The big stripers are finally here, IBSP is overloaded with them. I caught my first bass over 20 pounds, fish over 40 inches are the norm right now, get out there and fish. I also heard that the raritan bay is jumping with stripers.


----------



## GreaseTea (Jul 16, 2003)

I understand the big cows and blues are in at IBSP. I am going there early Sunday. What were you catching the stripers on and did you fish bayside at all?


----------



## Manayunk Jake (Oct 3, 2001)

Greetings GreaseTea!

You usually can't go wrong with fresh surf clam, but the Raritan fish were keying in on fresh bunker chunks, too. However, if there are blues in the area, they'll usually get to the bunker before the stripers. Good luck, and post your report....


----------



## GreaseTea (Jul 16, 2003)

*IBSP Sunday 30th results*

We were on the beach at the very last access point on the island at 5am and fished until 7:30pm without one single bite. We tried fresh clams, bunkers, mullets, and I even casted poppers and hopkins spoon without a single bite. Bait robbed by crabs and mullets went untouched. I talked to a few overnighters and they said no bass at all.
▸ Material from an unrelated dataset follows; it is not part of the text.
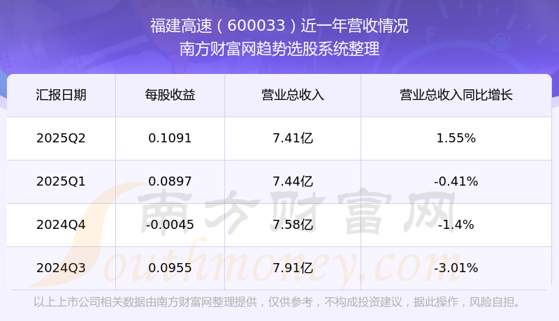 福建高速(600033)披露2025年第二季度報告,報告期實現(xiàn)營收7.41億元,同比1.55%;歸母凈利潤2.99億元,同比4.26%;扣非凈利潤3.01億元,同比7.08%。

A woman next to me caught a 28" around 8am and that was the only fish caught all day. As far as I can see, rods were propped without any bend in them all day. I was at the same area early last November and I couldn't keep up with 2 rods in water. Bass at the time was banging the clams left and right. Hopefully you guys had better luck than I did. I'll probably target stripers at the Conowingo Dam this weekend.


----------



## tommsu1 (Jan 17, 2002)

sunday was horrible, we ended up playing catch because there was no action, only saw one bass caught and it was a short, i guess the bass are moving to the hudson, seems like a shorter season than last year


----------